- What is multidimensional data?
- Strategies for Multidimensional data visualization:
- direct visualization
- projections
November 10 2022
Real data is often high-dimensional (i.e. contain more than 3 features) – visualizations can help understand this type of data.
“For human perception, the data must be represented in a low-dimensional space, usually of two or three dimensions”
“The direct visualization methods do not have any defined formal mathematical criterion for estimating the visualization quality”

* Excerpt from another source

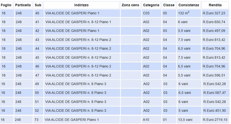 Quota 1/1 della piena proprietà immobile situato nell’immediata periferia del centro abitato del Comune di Sant’Arcangelo (PZ), in Via Alcide De Gasperi, snc, zona servita dai mezzi pubblici e vicina alle attività commerciali di primaria necessità, distinto in Catasto Fabbricati al foglio 18 p.lla 248, piano S1, Cat F/4.

(Dzemyda, Kurasova, & Zilinskas, 2012)
Example: Scatter plot matrix
We will be using the Nutrition Facts for McDonald’s Menu dataset which contains a number of different variables/features for each menu item.
You can find the data on GitHub.
We will first create a histogram, since we already built many scatterplots before. For that, we need to use the following transforms:
We then count how many observations for bins.
We will read the data in and use an extent transform to calculate the min and max values of the calories
variable. We will save the results of the transform to a signal called calories_max_min
data: [ { name: "menu", url: "https://raw.github...mcdonalds_menu.csv", format: { type: "csv"}, transform: [ { type: "extent", field: "calories", signal: "calories_max_min" } ] } ]
You can accessed the values from the JavaScript console in your browser.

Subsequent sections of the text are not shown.